To address that, researchers in Denmark examined CSF samples from PPMS patients who had participated in a randomized Phase 2 trial (NCT02959658) testing Tecfidera (dimethyl fumarate).

Using samples collected at the trial’s start, the team assessed the levels of inflammatory biomarkers in 59 PPMS patients, and compared them with 40 untreated people with early RRMS and 21 healthy individuals, who served as controls.

After adjusting the data according to age and sex, results showed that PPMS patients had increased levels of nine inflammatory biomarkers compared with the healthy controls.

These markers were about 1–2.5 times higher in PPMS patients and included the chemokine ligand-3 (CCL-3), CXC chemokine ligand-8 (CXCL8), CXCL10, interleukin-10 (IL-10), IL-12p40, IL-15, IL-17, lymphotoxin-alpha (LT-alpha), tumor necrosis factor-alpha (TNF-alpha), and vascular endothelial growth factor A (VEGF-A).

The biomarkers also were significantly higher in RRMS patients compared with healthy participants. Most had similar elevations in PPMS and RRMS patients, but IL-12p40, IL-17, TNF-alpha, and LT-alpha were even higher in RRMS than in PPMS.

In addition, RRMS patients had elevations in other inflammatory molecules — CCL-22, interferon-gamma, and IL-27 — and a reduction in IL-7. These molecules were not changed in PPMS compared with healthy participants.
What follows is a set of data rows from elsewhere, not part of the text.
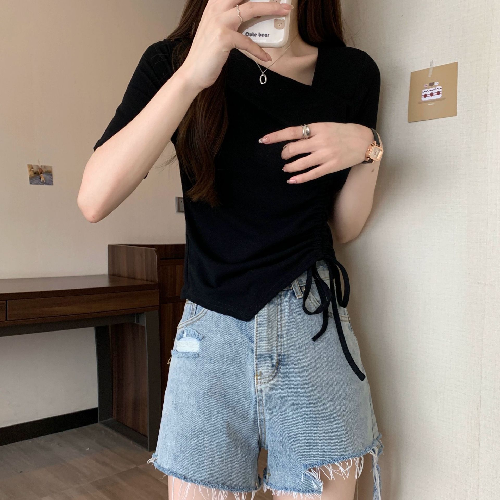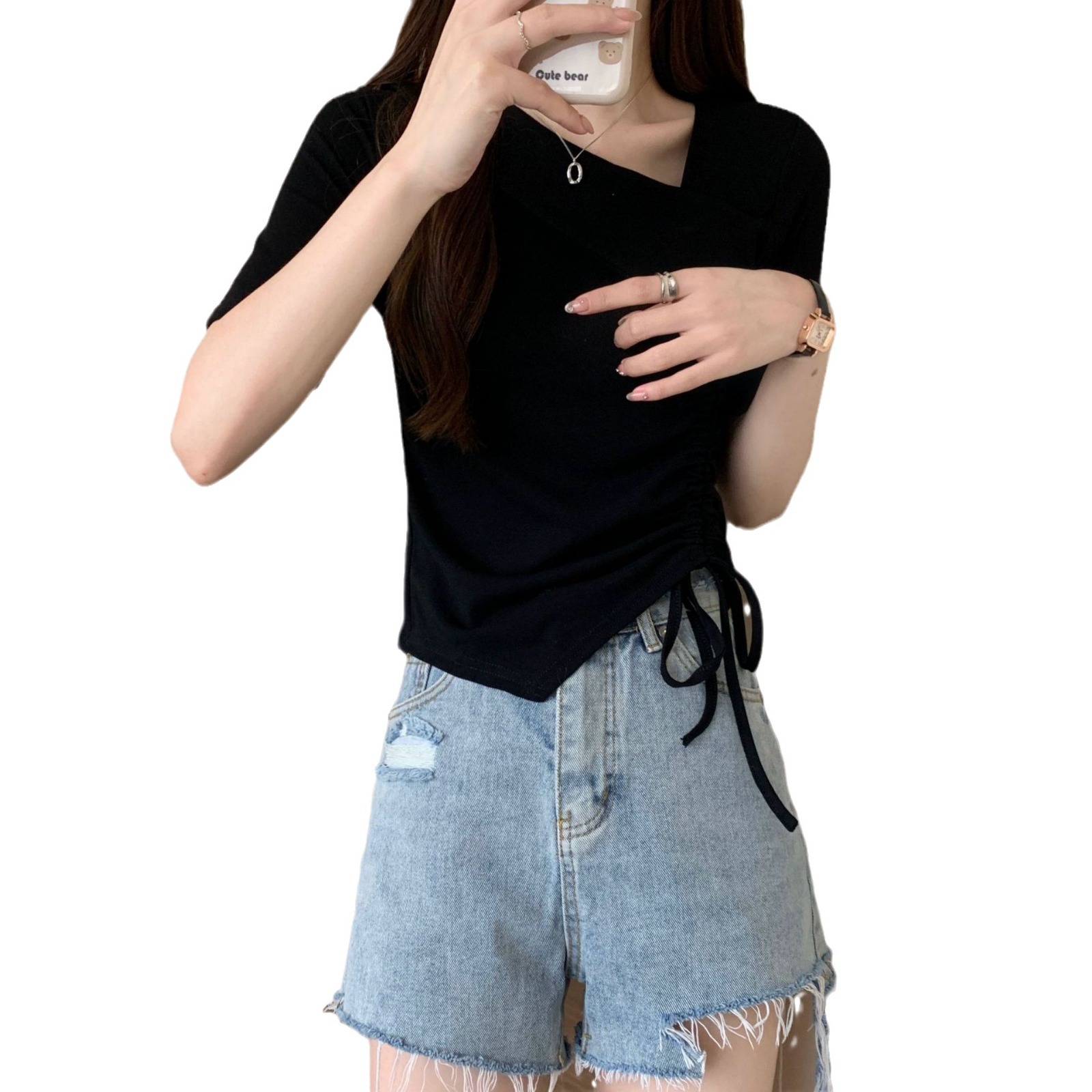 夏新款纯欲风短款辣妹女装纯色抽绳连帽拉链白色短袖t恤上衣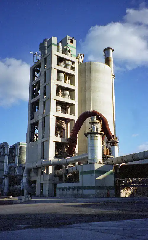 Emissions from cement kilns are a major source of greenhouse gas emissions, accounting for around 2.5% of non-natural carbon emissions worldwide.[2] The emissions come from two sources: the fuel and the waste CO2 created from heating the silicate rocks. Conventional cement kilns burn fossil fuels or alternative fuels like tire waste, agricultural waste or other wastes, as a form of waste valorization. Because of the need to reduce emissions to mitigate climate change, multiple companies are investing in alternative fuel sources, including investigations of hydrogen or electricity based heating.[3][4] Other mitigation approaches, include capturing carbon dioxide from the process at the exhaust stage of the kiln, and reducing use of clinker in final mix of concretes.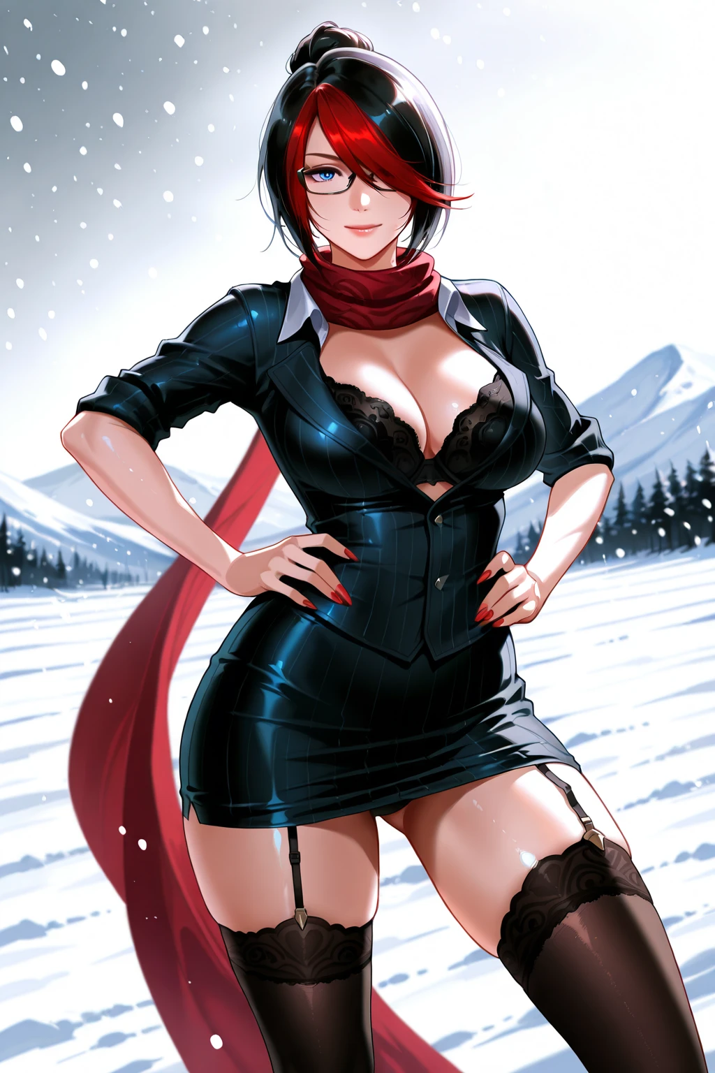 fiora (league_of_legends), Fiora Laurent, short hair, hair bun, black hair, red hair, multicolored hair, hair over one eye, swept bangs, blue eyes, glasses, under-rim eyewear, black thighhighs, black skirt, striped clothes, black jacket, makeup, garter straps, black bra, sleeves rolled up, pencil skirt, vertical-striped clothes, black-framed eyewear, red scarf, lace-trimmed legwear, lace-trimmed bra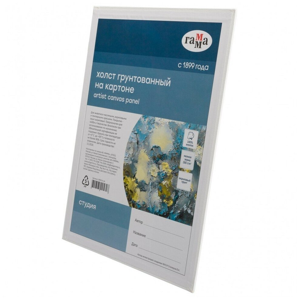 Холст грунтованный на картоне Гамма "Студия" 40х60 см (ГМ-280818_10) (размер: 400x600)

The team then assessed whether the inflammatory biomarkers had any correlation with markers of disease activity and severity in PPMS patients. While most cytokines were closely correlated with each other, only IL-15 was found to be significantly, although weakly, associated with CSF markers of nerve damage and demyelination.

Also, none of the inflammatory molecules correlated with MRI measures of one-year disease activity and severity, including new and enlarging lesions, lesion volume, myelin density in lesions, and brain volume.

In conclusion, the researchers found “clear evidence of ongoing [CSF] inflammation” in people with PPMS patients, but this was “not associated with the extent of neuroaxonal injury, demyelination, and disease severity,” they wrote.